- Work request -
In the records below, find the line with "Of serpent design, the", then retype it and every following line exactly, stopping after the line with "圖8 陰天誤碼率隨時間變化曲線Fig.8 Curve". Leave the pictures out.

- Information -

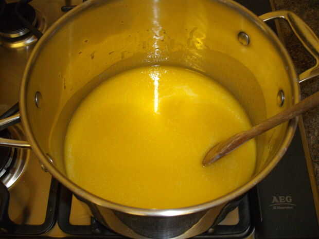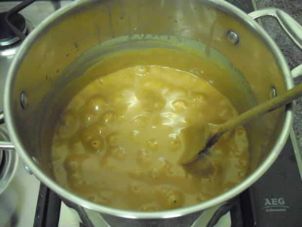Una vez que la mezcla empiece a hervir, ajustar un temporizador de 6 minutos y revuelva constantemente. Lo que buscas es un cambio en color de amarillo a caramelo! y esto debe ser después de hervir durante unos 5-7 minutos. Se trata de una parte no dejar que los niños ayudan con, es más caliente que el agua BEWARNED hirviendo.
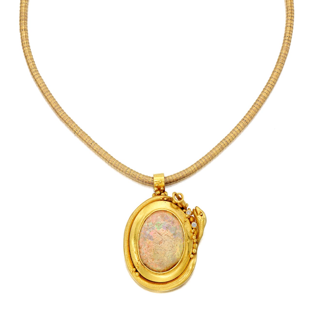 Of serpent design, the pendant set with an opal, accented by brilliant-cut diamonds, mounted in 22k yellow gold, length approximately 2 inches, unsigned, suspending from a necklace, mounted in 18k yellow gold, length approximately 16 1/2 inches, signed Yvel.
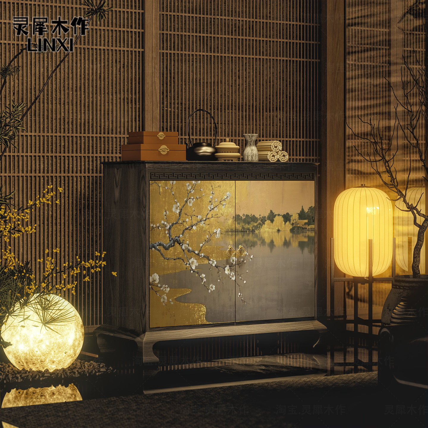 📚 宋氏美学餐边柜复古玄关柜实木中古风收纳柜新中式实木艺术储物柜
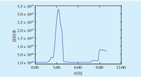 圖8 陰天誤碼率隨時間變化曲線Fig.8 Curve of atmospheric channel attenuation versus time in cloudy day
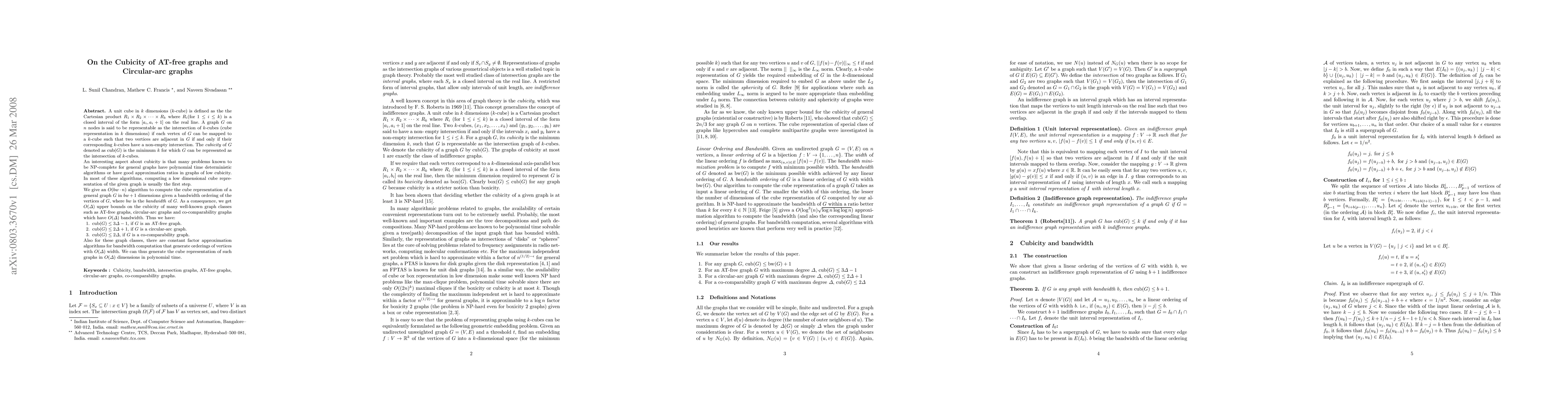 This paper presents an algorithm to compute the cube representation of AT-free graphs and circular-arc graphs in $O(\Delta)$ dimensions, where $\Delta$ is the maximum degree. It establishes upper bounds on the cubicity of these graphs, showing $\cubi(G) \leq 3\Delta-1$ for AT-free graphs and $\cubi(G) \leq 2\Delta+1$ for circular-arc graphs.
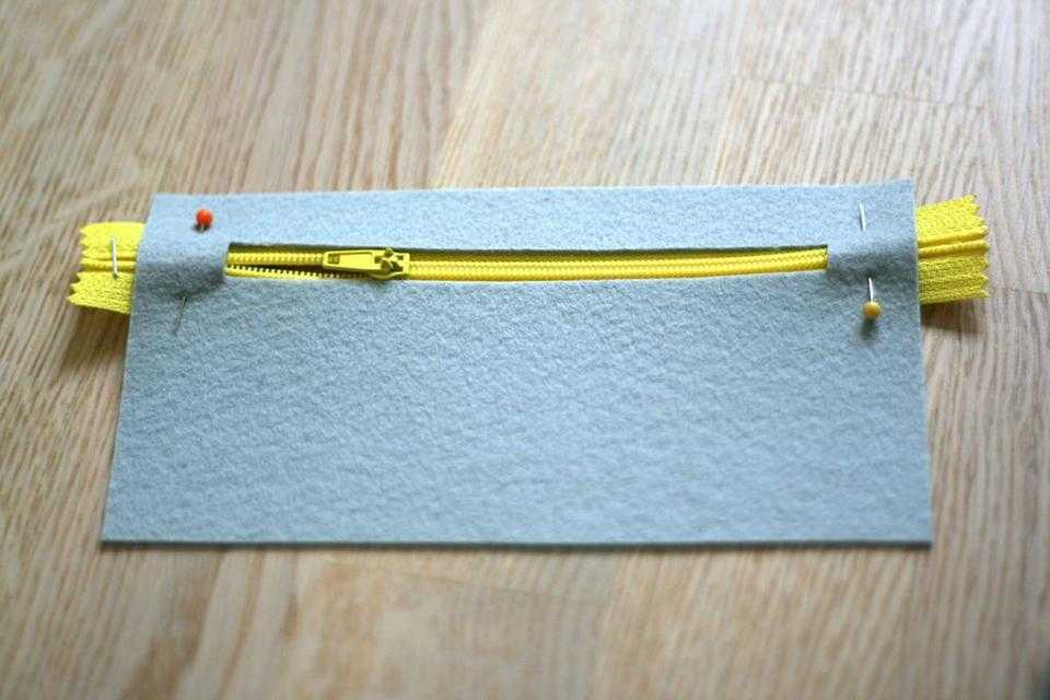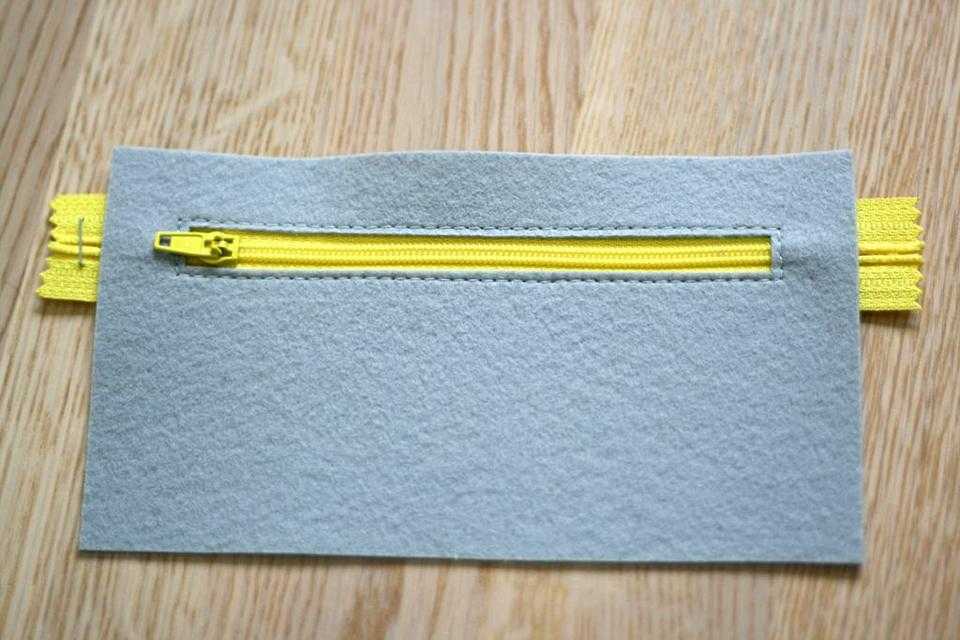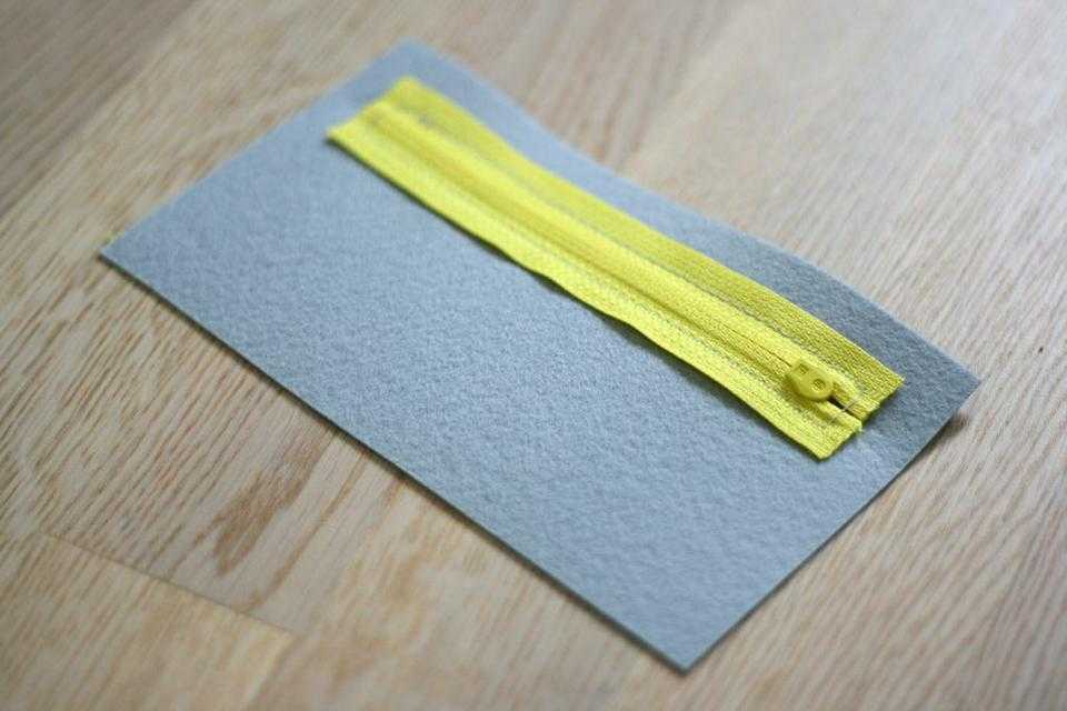 Затем по нижнему краю кошелька приклеиваем или пришиваем молнию.
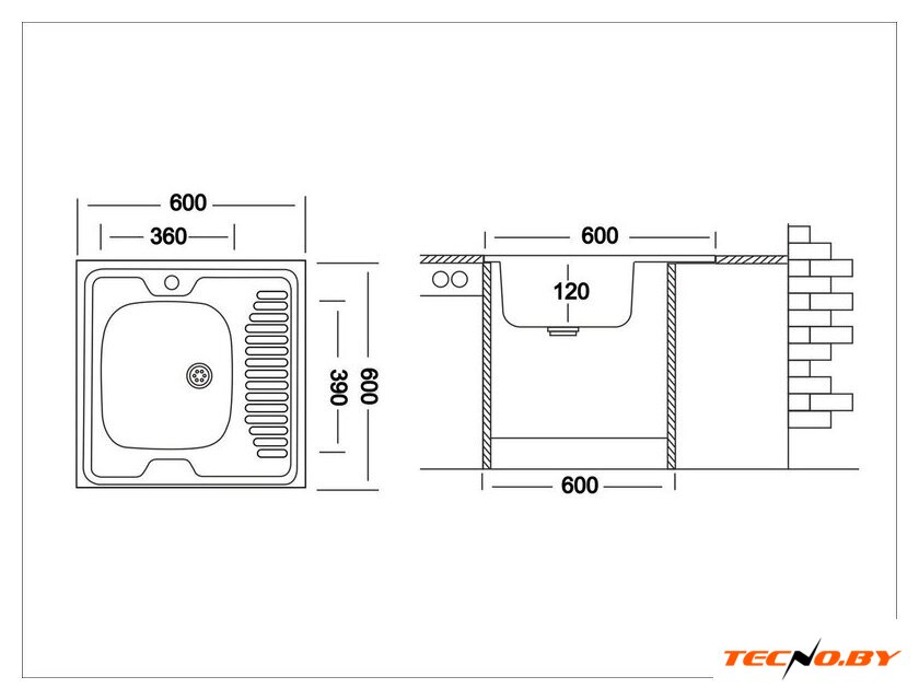 врезная на столешницу, нержавеющая сталь, фактура: матовая, размеры: 49x49 см, глубина чаши: 16.5 см

- Solution to this problem -
 Of serpent design, the pendant set with an opal, accented by brilliant-cut diamonds, mounted in 22k yellow gold, length approximately 2 inches, unsigned, suspending from a necklace, mounted in 18k yellow gold, length approximately 16 1/2 inches, signed Yvel.
 📚 宋氏美学餐边柜复古玄关柜实木中古风收纳柜新中式实木艺术储物柜
 圖8 陰天誤碼率隨時間變化曲線Fig.8 Curve of atmospheric channel attenuation versus time in cloudy day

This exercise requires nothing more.